What the task requires: When the listing below reaches the line that has "明治安田J1リーグの第36節が、11/8(土),9(日)に行われました。", start reproducing exactly; stop after the line that has "Zufriedenheit von Schmerzensgeldempfängern", and drop the pictures.

Data listing:
┄┄┄┄┄┄
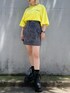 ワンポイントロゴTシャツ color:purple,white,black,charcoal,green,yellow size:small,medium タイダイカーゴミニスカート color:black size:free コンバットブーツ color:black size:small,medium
┄┄┄┄┄┄
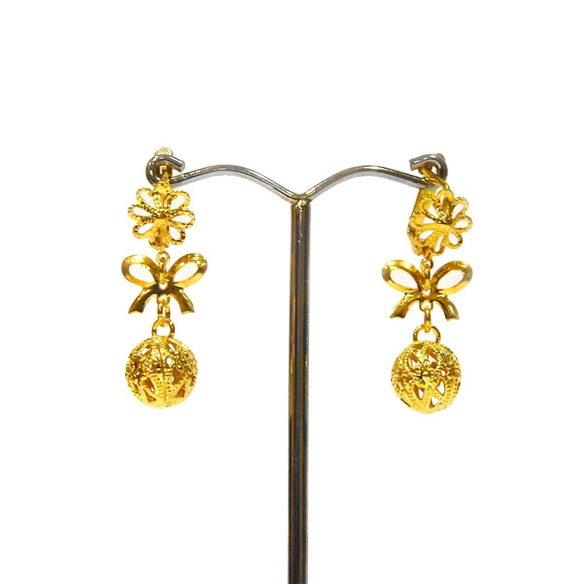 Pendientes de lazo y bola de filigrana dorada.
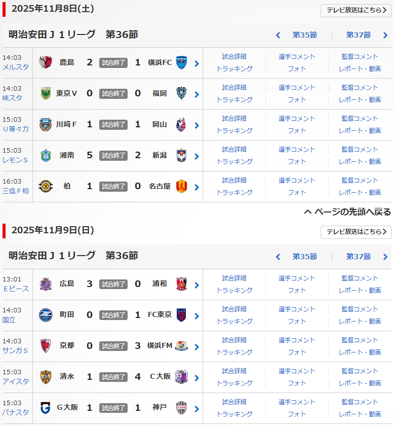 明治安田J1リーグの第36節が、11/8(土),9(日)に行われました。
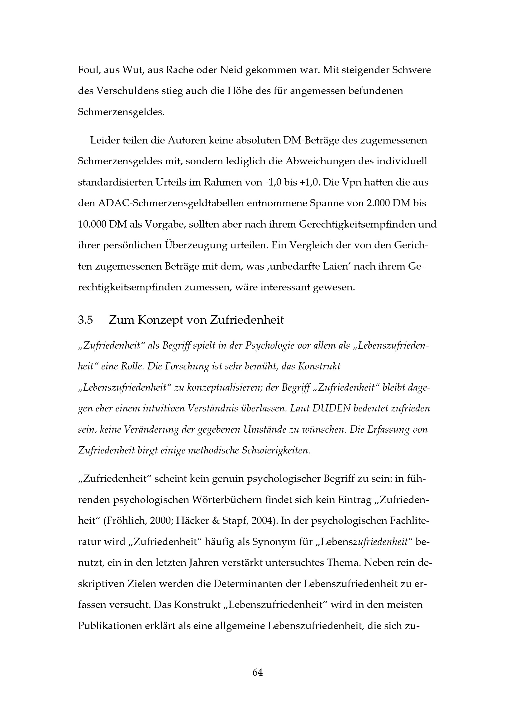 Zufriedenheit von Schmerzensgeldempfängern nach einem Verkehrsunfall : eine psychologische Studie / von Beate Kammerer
┄┄┄┄┄┄
Solution for this exercise:
 明治安田J1リーグの第36節が、11/8(土),9(日)に行われました。
 Zufriedenheit von Schmerzensgeldempfängern nach einem Verkehrsunfall : eine psychologische Studie / von Beate Kammerer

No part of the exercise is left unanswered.